Sul piano psicologico, la perdita dei contatti con un genitore rappresenta una adverse childhood experience (ACE), ovvero un’esperienza negativa carenziale in grado di incidere sul processo di sviluppo.

      È importante sottolineare alcuni danni psicobiologici correlati alla perdita/carenza genitoriale (parental loss). Ad esempio, in una ricerca Tyrka et al. (2008) hanno riscontrato che i soggetti con anamnesi positiva per separazione dei genitori o abbandono e quelli con perdita di un genitore in età infantile avevano più probabilità rispetto ai controlli di soffrire una successiva insorgenza di disturbi d’ansia o depressivi; Nicolson (2004) ha mostrato che i livelli di cortisolo in giovani adulti sono cronicamente innalzati se nell’infanzia questi erano stati soggetti a perdita genitoriale o altre childhood adversities.

      Nelle Linee Guida per la valutazione medico-legale del danno alla persona in ambito civilistico redatte dalla Società di Medicina Legale e delle Assicurazioni (Giuffrè, 2016) così si legge nel paragrafo Ostacoli ai diritti di visita ed al diritto del minore alla bigenitorialità: «Qualora il coinvolgimento del minore nel conflitto familiare (in un contesto di separazione dei genitori: nel DSM-5, “Disgregazione della famiglia a causa di separazione e divorzio”’ e/o “Alto livello di emozioni espresse all’interno della famiglia”) abbia determinato reazioni transitorie esse rientrano in una compromissione delle capacità di adattamento descritte in precedenza, eventualmente legate all’insorgenza di un Disturbo dell’Adattamento.
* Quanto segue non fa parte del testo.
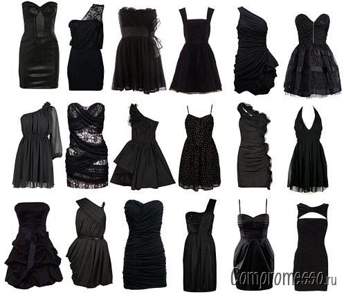 Платье черного цвета — ключевой элемент женского гардероба, требующий внимательного выбора. Изначально оно имело полукруглый вырез, длинные узкие рукава, длину до середины колена и облегающий силуэт. Классическая модель отличается элегантностью, но подходит лишь женщинам с идеальными формами.

Il DSM-5 inquadra tali reazioni, riconducibili all’ ‘alienazione’ di una figura genitoriale (che le Linee Guida in tema di abuso sul minore - SINPIA, 2007 - considerano come una forma di abuso psicologico), tra i Problemi Relazionali, e precisamente tra i “Problemi correlati all’allevamento dei figli”:“Problema relazionale genitore-bambino” oppure “Effetti negativi del disagio relazionale dei genitori sul bambino”. Quest’ ultima categoria deve essere utilizzata quando l’oggetto di attenzione clinica risiede negli effetti della discordia nella relazione genitoriale (alti livelli di conflitto o denigrazione ai danni di un genitore) su un bambino in famiglia e comprende gli effetti sul suo disturbo mentale. Ove, in casi selezionati, le suddette reazioni assumano una spiccata valenza ansiosa (Disturbo d’ansia di separazione) e/o compromettano il funzionamento psicologico e sociale si potrà configurare un pregiudizio grave rispetto al processo di sviluppo, con possibile modificazione della personalità e conseguente danno biologico di natura psichica con carattere di permanenza. Il nucleo patogeno di queste condizioni è identificabile nel c.d. “conflitto di lealtà” che lega il bambino ad un genitore a discapito dell’altro e che rappresenta un importante fattore di rischio».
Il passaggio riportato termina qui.